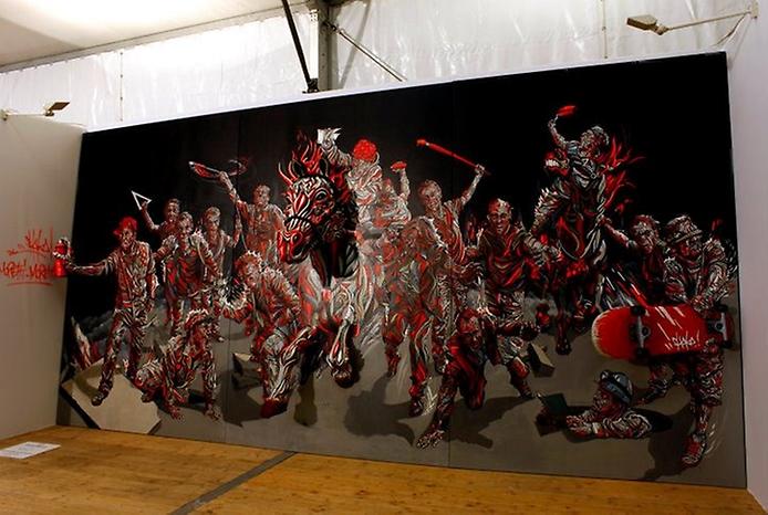 Маршал Митьюарт начал как граффитист, работа которого постепенно развилась от основного до уникального вида трехмерного уличного искусства. Он использует реализм, в основном на его картинах изображены толпы людей, которых объединяет одна цель!
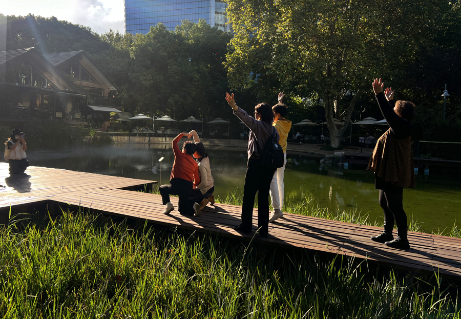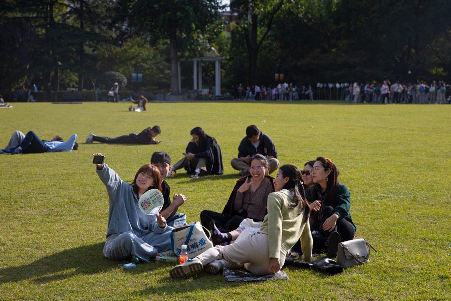 孩子们成群结队地来到公园;上班族也趁着午休沐浴阳光;银发族更是相约户外拍照打卡财汇盈,享受秋光。
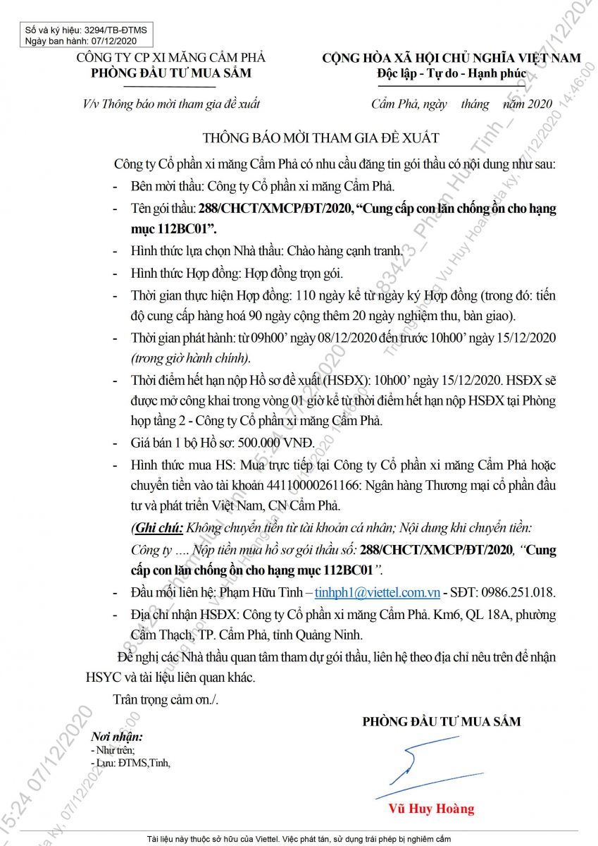 Thông báo mời tham gia đề xuất cung cấp con lăn chống ồn cho hạng mục 112BC01
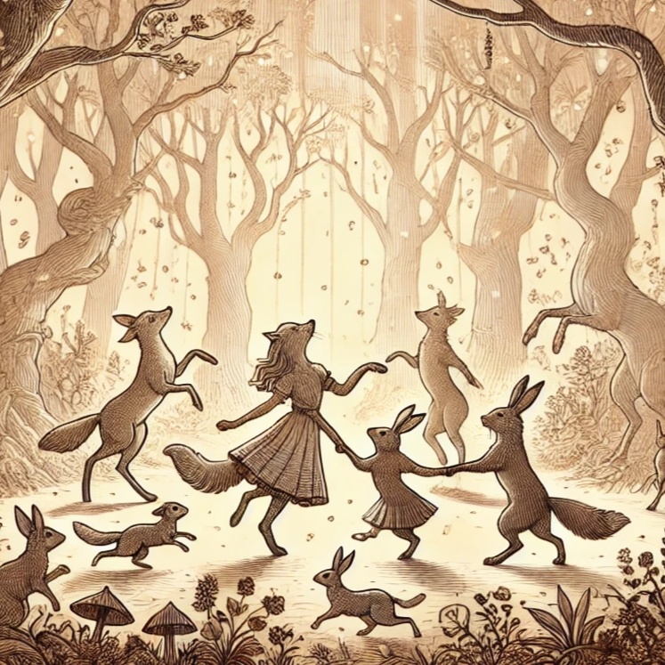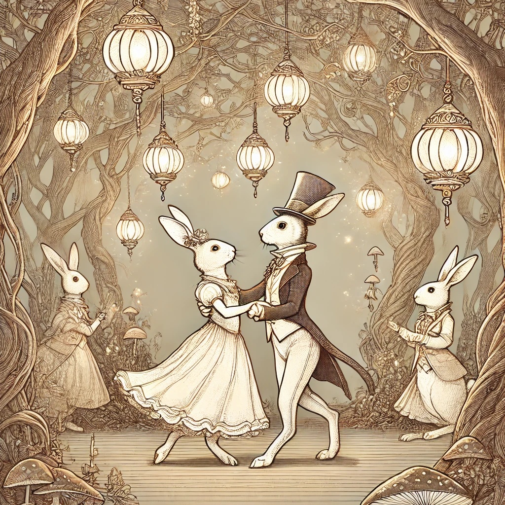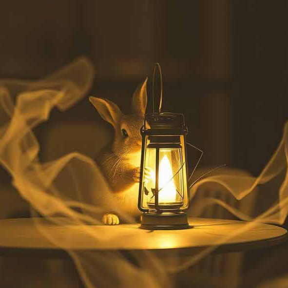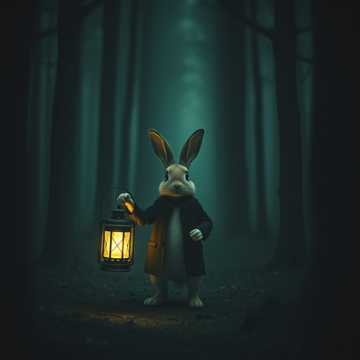Accordion-led cinematic Musette in a minor key, evoking a dim forest, A curious boy wanders into the woods, guided by a butler-like rabbit holding a lantern, Mysterious, whimsical, and slightly eerie, Odd meter rhythm (5/4 or 7/8) to create an unsettling but magical atmosphere, ”
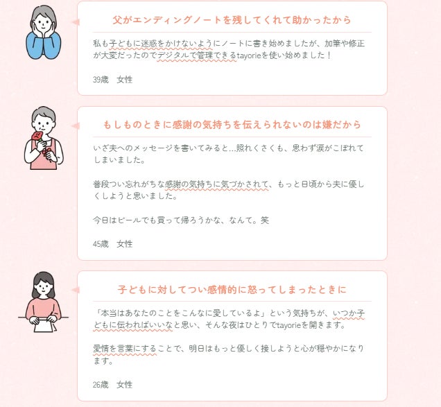 特に若い世代からは、「親が亡くなった際に準備をしてくれていて助かった」または「準備がなく大変な思いをした」という経験から、自分も早いうちに最低限の準備をしておきたいという声が寄せられています。また、「万が一に備えて子どもに言葉を残しておきたい」というニーズの高まりもあり、幅広い層に支持されています。
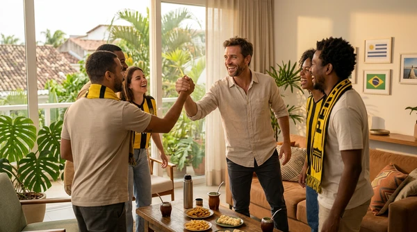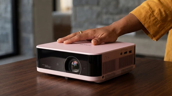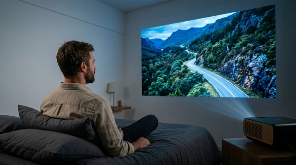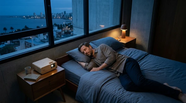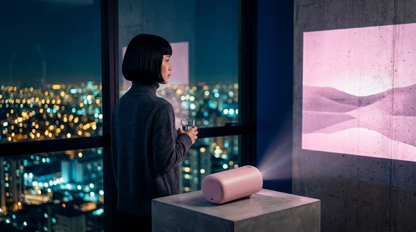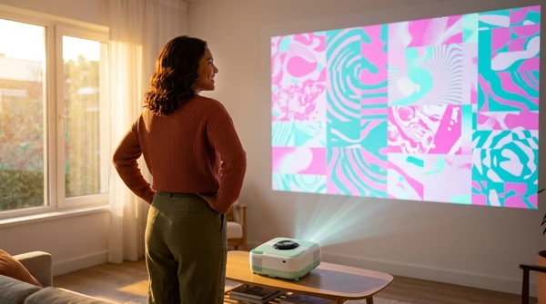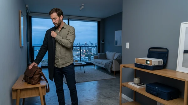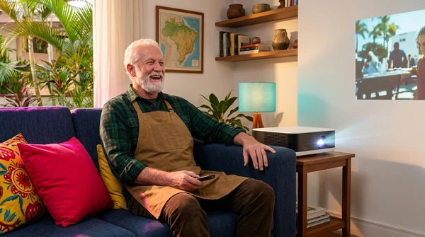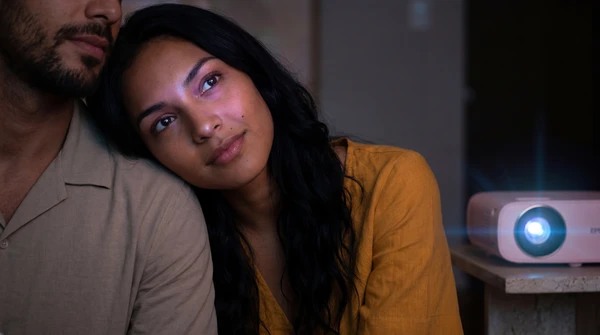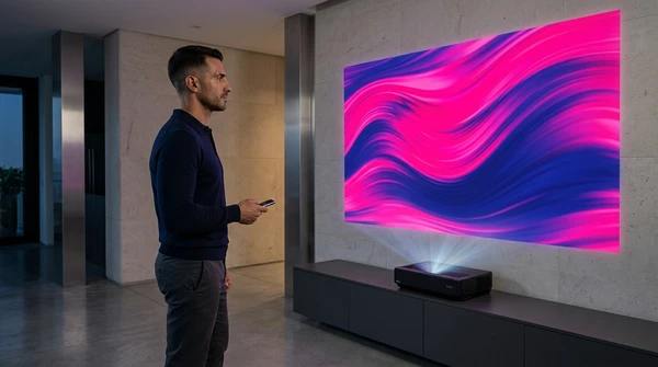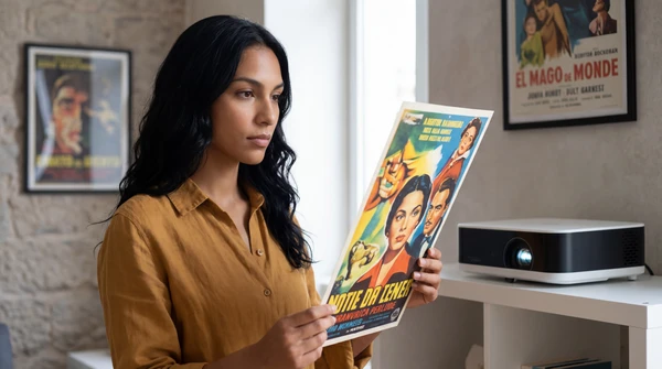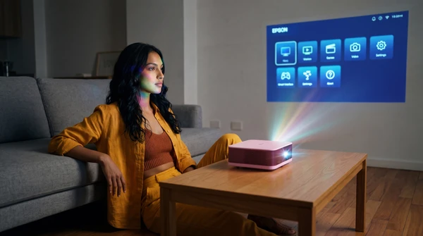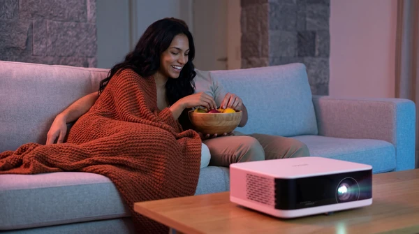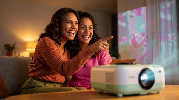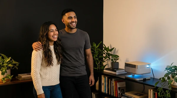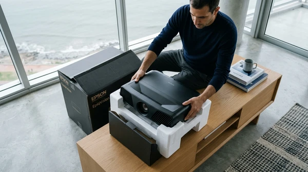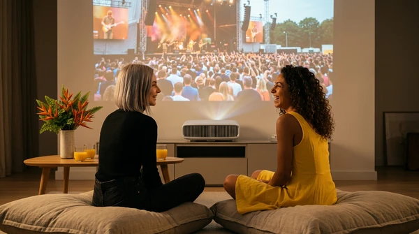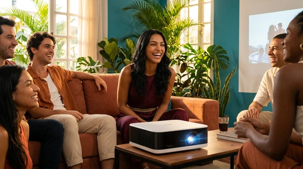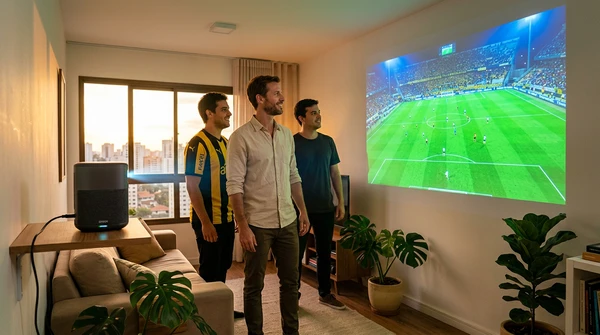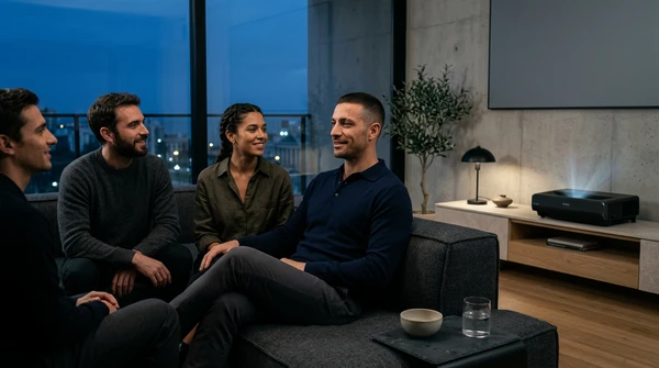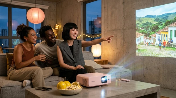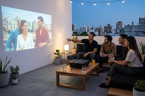 Marco tiene tres amigos en su apartamento de Montevideo para una noche de cine. El EpiqVision LS670 proyecta una película italiana en la pared blanca. Sofá amplio, luces tenues, copas de vino. El proyector ultra corta distancia a apenas 20cm de la pared, plano en el mueble de TV.
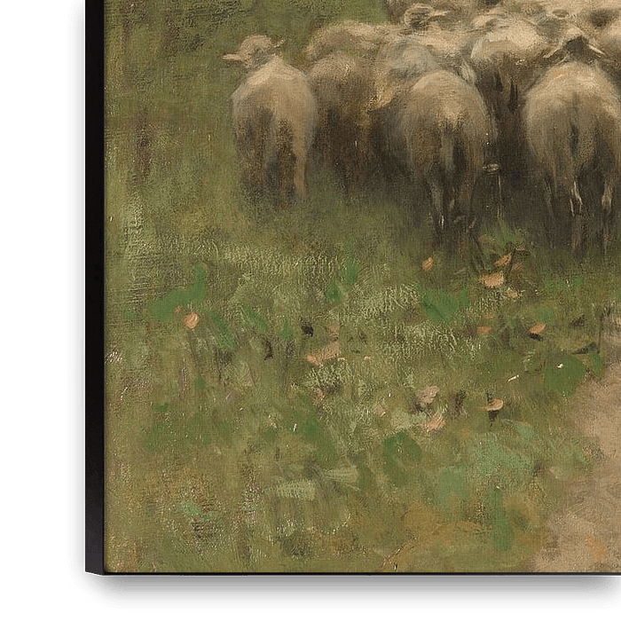 Bestelle Hirtin mit Schafherde, Anton Mauve als Reproduktion auf Leinwand, Alu-Dibond, als Poster, Fototapete oder Acrylglasbild.
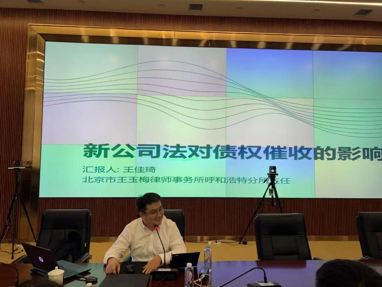 培訓(xùn)期間,北京市王玉梅律師事務(wù)所呼和浩特分所王佳琦主任結(jié)合新修訂的《公司法》在公司治理結(jié)構(gòu)、股東責(zé)任等方面的調(diào)整變化,借鑒其他先進(jìn)地區(qū)金融債務(wù)糾紛典型案例,詳細(xì)介紹了債權(quán)方在面對(duì)不同催收追償狀況下應(yīng)采取利用的司法手段措施,充分合理運(yùn)用最新法律賦予的權(quán)利,從而最大限度維護(hù)公司自身權(quán)益。
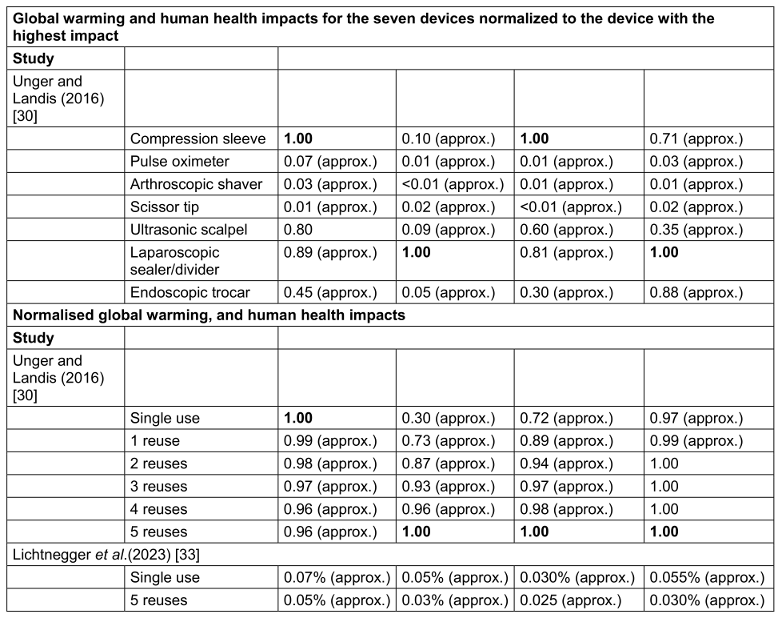 In their one-to-one device comparison (i.e. exclusion of annual device use), Unger and Landis [29] reported the following relative global warming and human health outcomes: carcinogenic, non-carcinogenic and respiratory impacts. Of the devices studied, the compression sleeve had the highest global warming and non-carcinogenic impacts, and the laparoscopic sealer/divider had the highest carcinogenic and respiratory impacts [29]. Device impacts, normalised to the device with the highest impact for each outcome, are reported in Table 4 [Tab. 4]. When accounting for annual use of all seven devices using median/mean reprocessing lifecycle inventory inputs, reprocessing resulted in a reduced and normalised global warming impact with each additional reprocessing cycle compared to single device use. When accounting for annual use of all seven devices using median/mean reprocessing lifecycle inventory inputs, reprocessing resulted in increased normalised carcinogenic, non-carcinogenic and respiratory impacts with each additional reprocessing cycle compared to single device use (Table 4 [Tab. 4]). In the study by Lichtnegger et al. [30], results related to the product contribution to ecological footprint of a person across the 4 impact domains. The authors reported reduced environmental contribution of the reused versus the new devices across all impact domains (Table 4 [Tab. 4]). They further quantified the reduction in global warming potential (kg CO2eq) of 7.0 for single use to 4.2 for treatment of five patients using reprocessed devices.
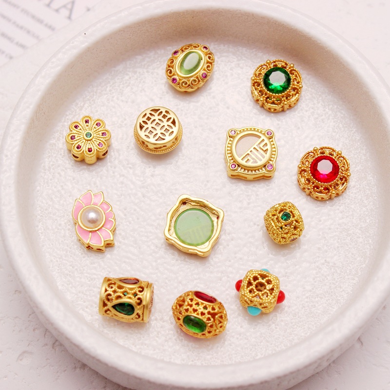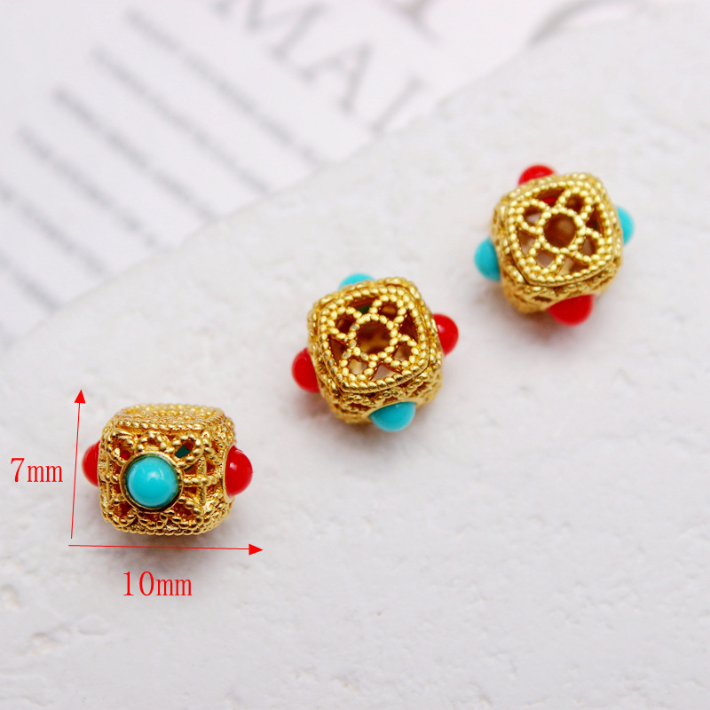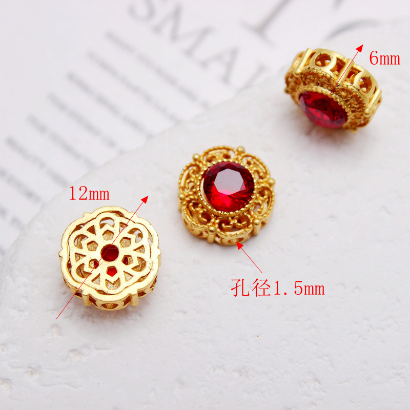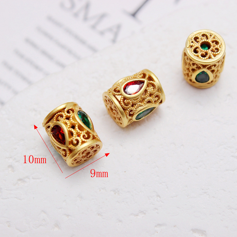 • 매트 골드 중공 레드 및 그린 지르콘 드럼 비즈 8mm
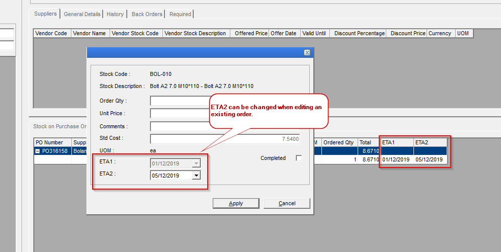 - ETA2 will be set to ETA1 when the order is saved for the first time.
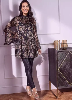 This blouse definitely has the wow factor. This floral print blouse comes with metallic thread detail, fluted sleeves and tiering detail to the body. Looks great worn with our leather trousers. Team with your own cami.
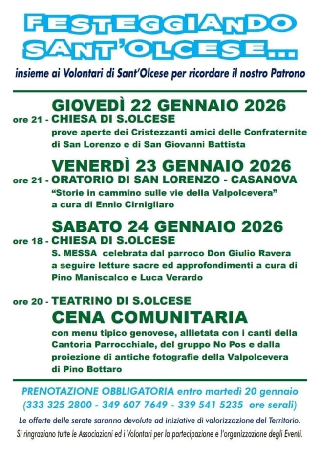 Si parte giovedì 22 gennaio 2026 con le prove aperte dei Cristezzanti delle confraternite di San Lorenzo e San Giovanni Battista. Si prosegue venerdì 23 gennaio 2026, presso l'Oratorio di San Lorenzo con una serata dedicata alla storia e ai cammini della Valpolcevera, e si conclude sabato 24 gennaio 2026 con la Santa Messa, momenti di approfondimento e la tradizionale cena comunitaria al Teatrino di Sant’Olcese, con menù tipico genovese, accompagnato da musica, canti della Cantoria Parrocchiale e immagini storiche. Prenotazione entro martedì 20 gennaio. Le offerte delle serate sono devolute a iniziative di valorizzazione del territorio. Di seguito la locandina con il programma completo.
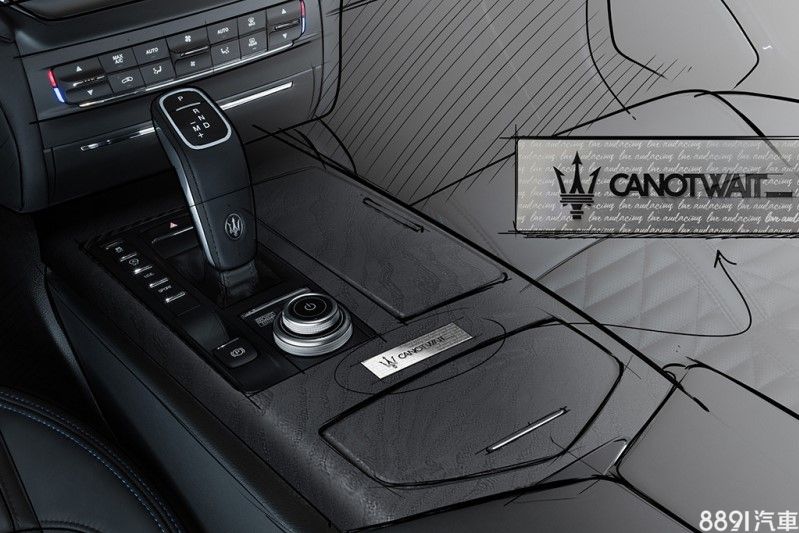 車側部分除了換上訂製20吋消多輻式光黑鋁圈外,葉子板還藏有亮點,在瑪莎拉蒂招牌的「鯊魚鰓」散熱孔上方,鑲嵌上CANOTWAIT的品牌Logo,藉此凸顯聯名款的獨特身分。

···

=== Problem ===
Take the material above and output only the lines from the one that contains "Marco tiene tres" through the one that contains "培訓(xùn)期間,北京市王", ends included and images left out.

=== Your solution ===
 Marco tiene tres amigos en su apartamento de Montevideo para una noche de cine. El EpiqVision LS670 proyecta una película italiana en la pared blanca. Sofá amplio, luces tenues, copas de vino. El proyector ultra corta distancia a apenas 20cm de la pared, plano en el mueble de TV.
 Bestelle Hirtin mit Schafherde, Anton Mauve als Reproduktion auf Leinwand, Alu-Dibond, als Poster, Fototapete oder Acrylglasbild.
 培訓(xùn)期間,北京市王玉梅律師事務(wù)所呼和浩特分所王佳琦主任結(jié)合新修訂的《公司法》在公司治理結(jié)構(gòu)、股東責(zé)任等方面的調(diào)整變化,借鑒其他先進(jìn)地區(qū)金融債務(wù)糾紛典型案例,詳細(xì)介紹了債權(quán)方在面對(duì)不同催收追償狀況下應(yīng)采取利用的司法手段措施,充分合理運(yùn)用最新法律賦予的權(quán)利,從而最大限度維護(hù)公司自身權(quán)益。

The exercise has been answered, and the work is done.